**Available records**
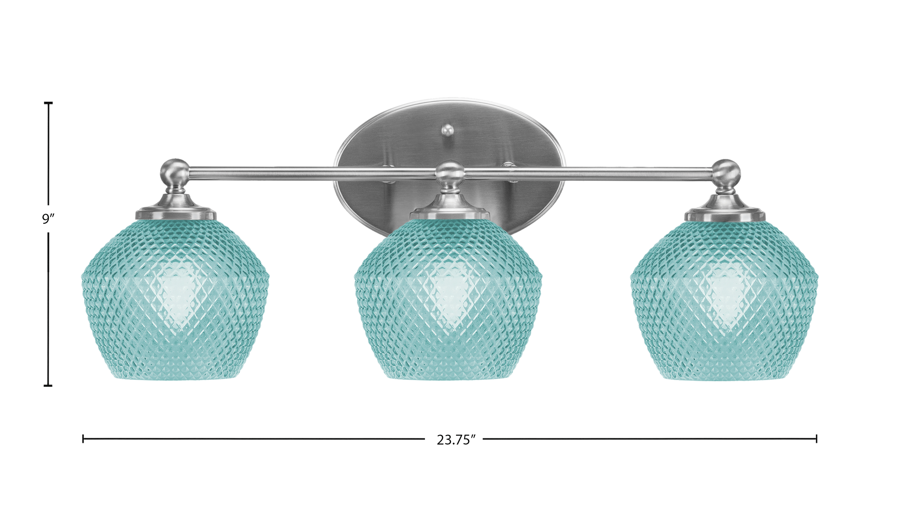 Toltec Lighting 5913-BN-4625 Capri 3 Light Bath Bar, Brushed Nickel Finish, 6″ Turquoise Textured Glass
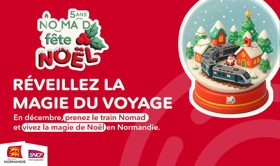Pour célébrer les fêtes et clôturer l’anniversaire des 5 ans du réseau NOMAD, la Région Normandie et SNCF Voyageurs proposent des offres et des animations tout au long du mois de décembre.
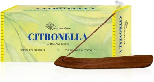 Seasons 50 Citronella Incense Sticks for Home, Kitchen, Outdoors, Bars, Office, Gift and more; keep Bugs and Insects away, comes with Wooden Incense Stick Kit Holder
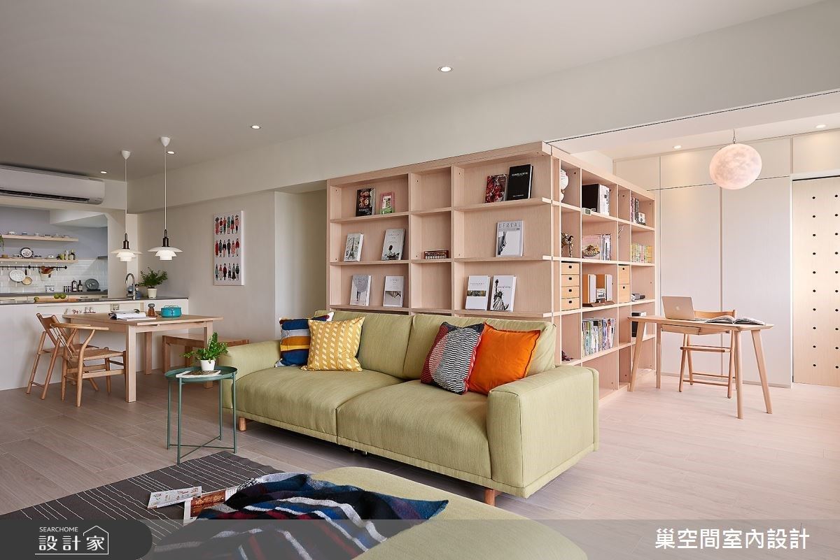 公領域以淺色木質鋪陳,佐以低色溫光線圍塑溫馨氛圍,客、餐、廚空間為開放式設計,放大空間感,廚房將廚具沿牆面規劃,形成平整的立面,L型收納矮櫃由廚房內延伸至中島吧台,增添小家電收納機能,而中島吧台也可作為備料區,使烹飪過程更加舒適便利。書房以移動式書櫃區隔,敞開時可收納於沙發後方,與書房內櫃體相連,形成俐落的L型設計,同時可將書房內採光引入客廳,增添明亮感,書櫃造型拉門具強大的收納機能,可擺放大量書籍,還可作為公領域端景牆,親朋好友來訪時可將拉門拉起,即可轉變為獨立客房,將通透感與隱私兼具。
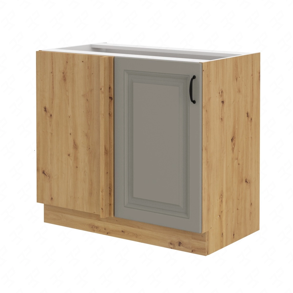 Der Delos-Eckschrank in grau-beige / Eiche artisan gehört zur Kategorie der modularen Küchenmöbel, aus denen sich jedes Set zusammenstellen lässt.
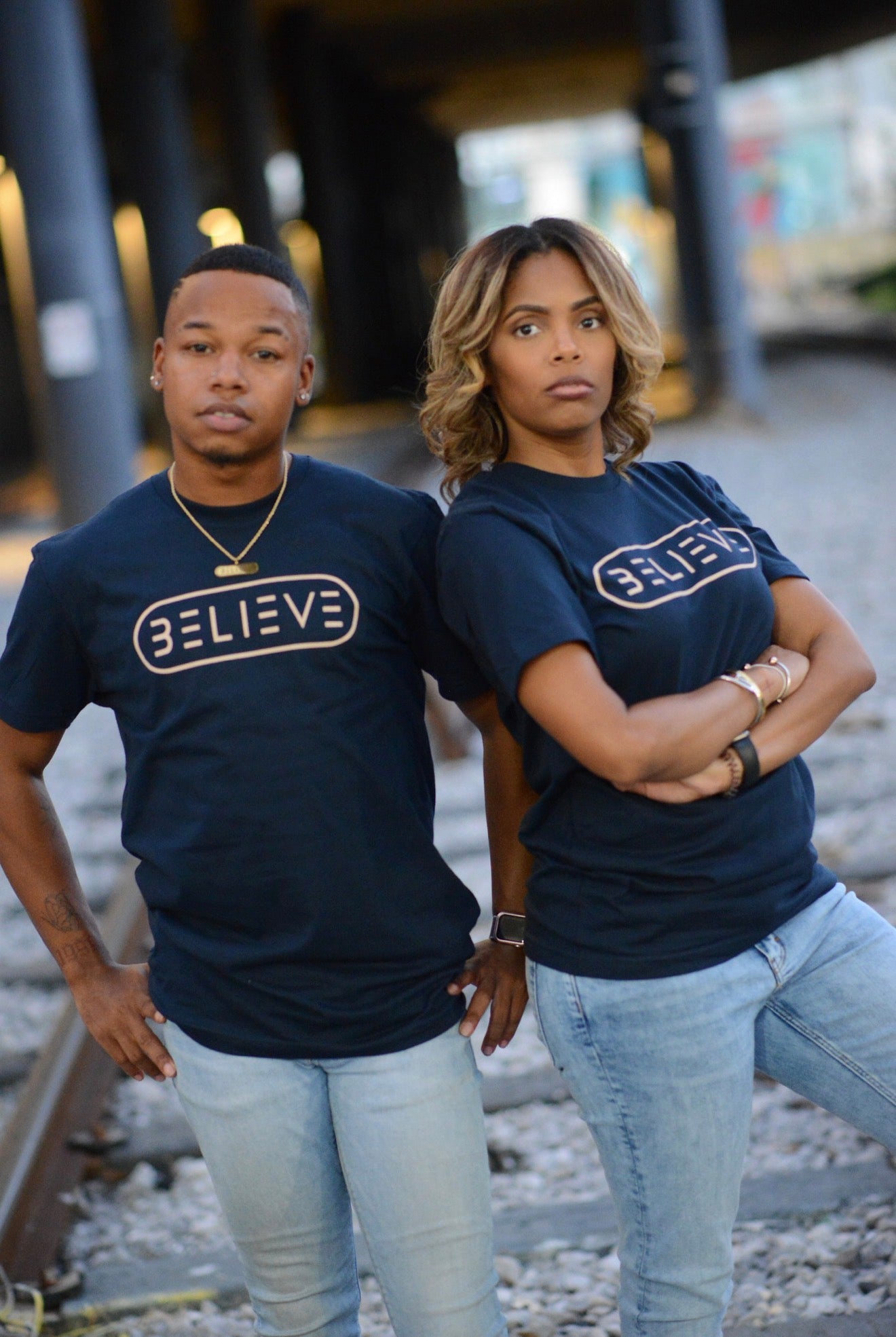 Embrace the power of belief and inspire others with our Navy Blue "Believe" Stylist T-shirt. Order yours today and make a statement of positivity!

---

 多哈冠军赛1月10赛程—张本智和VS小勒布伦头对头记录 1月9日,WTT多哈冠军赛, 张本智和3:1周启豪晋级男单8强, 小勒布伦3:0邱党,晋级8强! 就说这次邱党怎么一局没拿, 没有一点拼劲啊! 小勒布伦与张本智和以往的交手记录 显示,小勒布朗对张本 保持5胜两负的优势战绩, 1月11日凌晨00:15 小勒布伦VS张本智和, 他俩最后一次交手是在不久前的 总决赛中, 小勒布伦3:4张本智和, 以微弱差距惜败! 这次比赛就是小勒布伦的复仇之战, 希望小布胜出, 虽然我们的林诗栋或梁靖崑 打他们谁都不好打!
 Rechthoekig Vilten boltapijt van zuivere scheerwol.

* * *

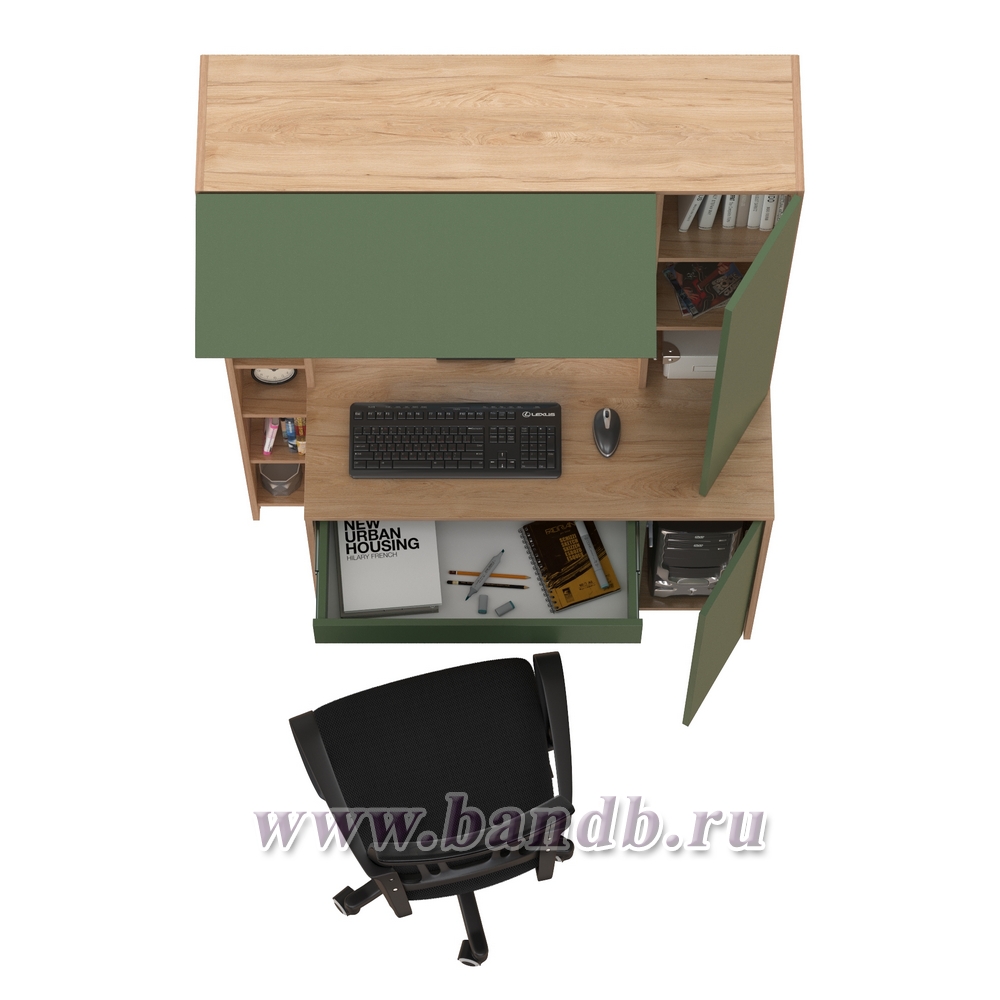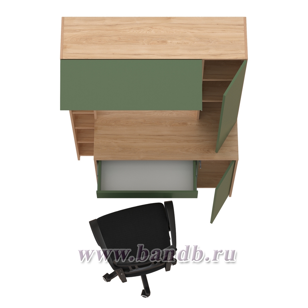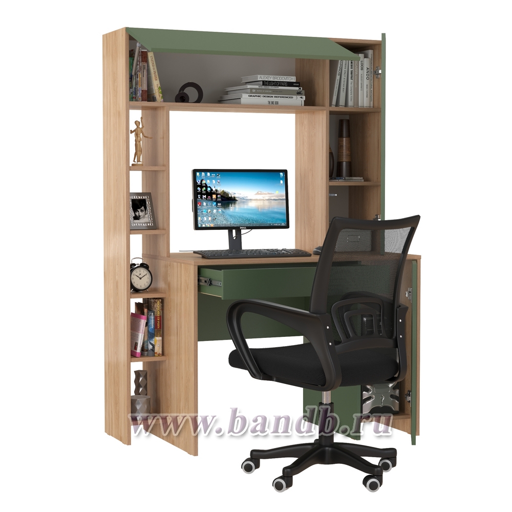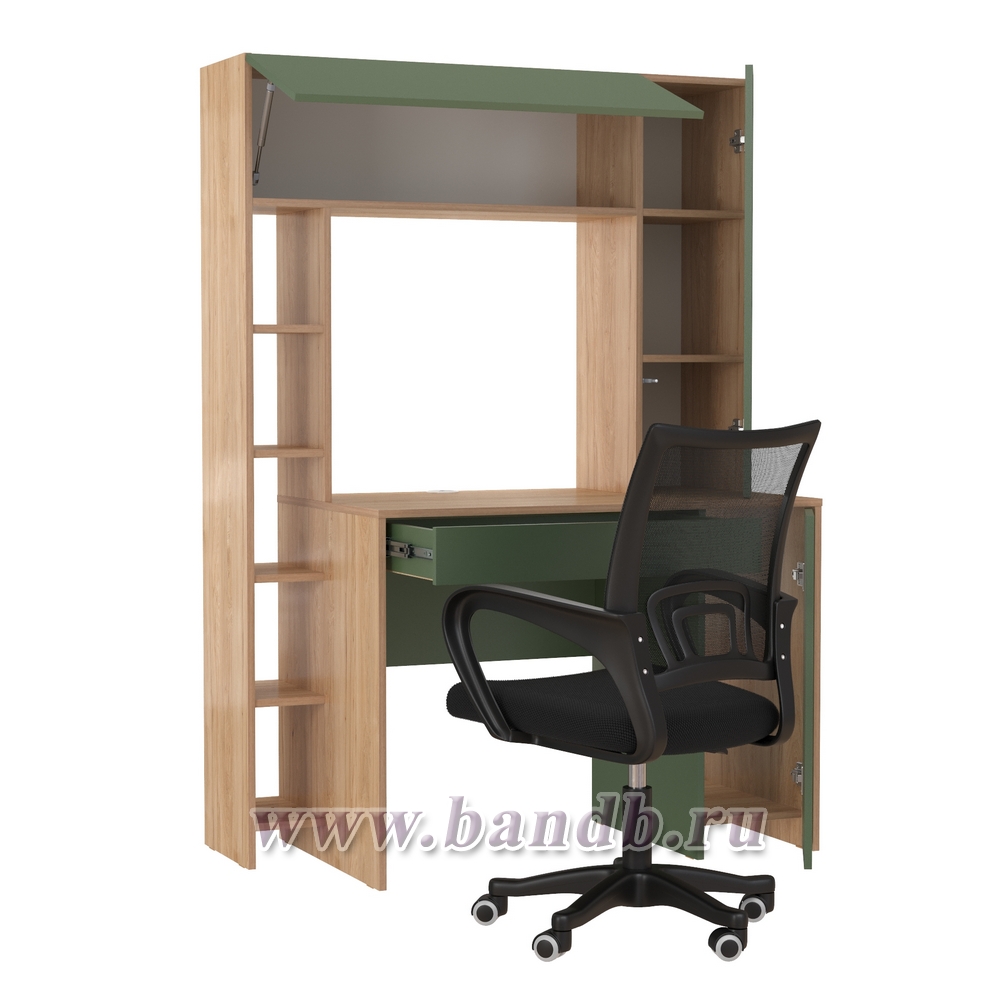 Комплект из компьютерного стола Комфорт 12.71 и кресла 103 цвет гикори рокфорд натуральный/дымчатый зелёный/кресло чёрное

**Task description**
The stretch of entries above that starts with the line containing "希望小布胜出, 虽然我们的林诗栋或梁靖崑 打他们谁都不好打!" and goes on through the line containing "Rechthoekig Vilten boltapijt" is to be transcribed exactly, and no other line is to be transcribed.

**Response box**
 多哈冠军赛1月10赛程—张本智和VS小勒布伦头对头记录 1月9日,WTT多哈冠军赛, 张本智和3:1周启豪晋级男单8强, 小勒布伦3:0邱党,晋级8强! 就说这次邱党怎么一局没拿, 没有一点拼劲啊! 小勒布伦与张本智和以往的交手记录 显示,小勒布朗对张本 保持5胜两负的优势战绩, 1月11日凌晨00:15 小勒布伦VS张本智和, 他俩最后一次交手是在不久前的 总决赛中, 小勒布伦3:4张本智和, 以微弱差距惜败! 这次比赛就是小勒布伦的复仇之战, 希望小布胜出, 虽然我们的林诗栋或梁靖崑 打他们谁都不好打!
 Rechthoekig Vilten boltapijt van zuivere scheerwol.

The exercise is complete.